Lust, Caution is based on a short story by Eileen Chang. I kindled this up. Within a couple of pages there is the kind of passage that shows why words can outdo film images. It involves the hoarding of ‘Kerosene or pink diamonds’ – and reveals the world of collaborators’ wives in Shanghai as they play Mahjong. Kerosene was the highly inflammable fuel for lamps, heaters and, for the poor, cooking. It was dyed pink. It illustrates succinctly and precisely the unease of these women: they dread poverty and they need their wealth to be easily transportable and to keep its value.

Ang Lee is very respectful of his source. It may just be I am getting old. But movies simply don’t allow the same kind of appreciation of the world behind such a remark. Not of course when you are watching beautiful people exquisitely dressed and lit.

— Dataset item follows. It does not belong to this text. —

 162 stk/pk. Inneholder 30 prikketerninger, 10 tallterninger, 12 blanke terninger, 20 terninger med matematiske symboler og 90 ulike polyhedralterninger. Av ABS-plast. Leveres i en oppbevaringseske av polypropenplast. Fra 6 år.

Still photographs work however. In the last day or so I have been looking at photographs published in some British newspapers. They come from an exhibition called “The Radical Camera: New York’s Photo League 1936 – 1951” at The Jewish Museum in New York from November 04 2011 – March 25 2012.

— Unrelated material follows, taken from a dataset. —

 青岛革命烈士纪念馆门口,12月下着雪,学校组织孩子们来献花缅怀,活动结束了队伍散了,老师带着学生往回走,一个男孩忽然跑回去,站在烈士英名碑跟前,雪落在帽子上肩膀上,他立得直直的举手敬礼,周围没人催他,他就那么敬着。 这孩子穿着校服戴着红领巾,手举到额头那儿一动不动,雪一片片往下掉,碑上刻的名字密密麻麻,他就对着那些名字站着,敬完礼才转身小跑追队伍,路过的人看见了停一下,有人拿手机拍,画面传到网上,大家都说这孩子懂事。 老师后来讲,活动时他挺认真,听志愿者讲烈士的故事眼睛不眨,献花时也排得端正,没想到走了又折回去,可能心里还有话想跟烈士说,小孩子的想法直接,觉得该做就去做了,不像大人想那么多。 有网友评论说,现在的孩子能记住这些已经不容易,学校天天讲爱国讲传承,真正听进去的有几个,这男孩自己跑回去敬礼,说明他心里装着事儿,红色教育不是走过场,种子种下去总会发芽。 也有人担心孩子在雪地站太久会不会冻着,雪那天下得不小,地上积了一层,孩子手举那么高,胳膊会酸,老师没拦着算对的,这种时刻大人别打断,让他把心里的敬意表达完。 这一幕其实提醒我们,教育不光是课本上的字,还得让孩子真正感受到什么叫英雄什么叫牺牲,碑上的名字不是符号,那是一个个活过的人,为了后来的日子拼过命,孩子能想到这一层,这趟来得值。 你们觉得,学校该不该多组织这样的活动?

I have ‘borrowed’ one for this blog. It shows a film poster of a book I mention in the next Peter Cotton and has that wonderful boy and tyre. Yes, it’s a frame but it has all kinds of possibilities and stories.

My father’s tall Dutch friend grew his hair and wore a dress and hid in the woodpile, looking at the mathematical possibilities in curled woodlice. The last time I saw him he asked me what the British had against mixer taps or faucets. A little later he said his main memory of his time in the woodpile was smell. ‘I stank’ he said.

Perhaps that’s the problem. Films can stink but they can’t invoke smell. I don’t know the smell of kerosene but my husband remembers it well from his childhood in Africa.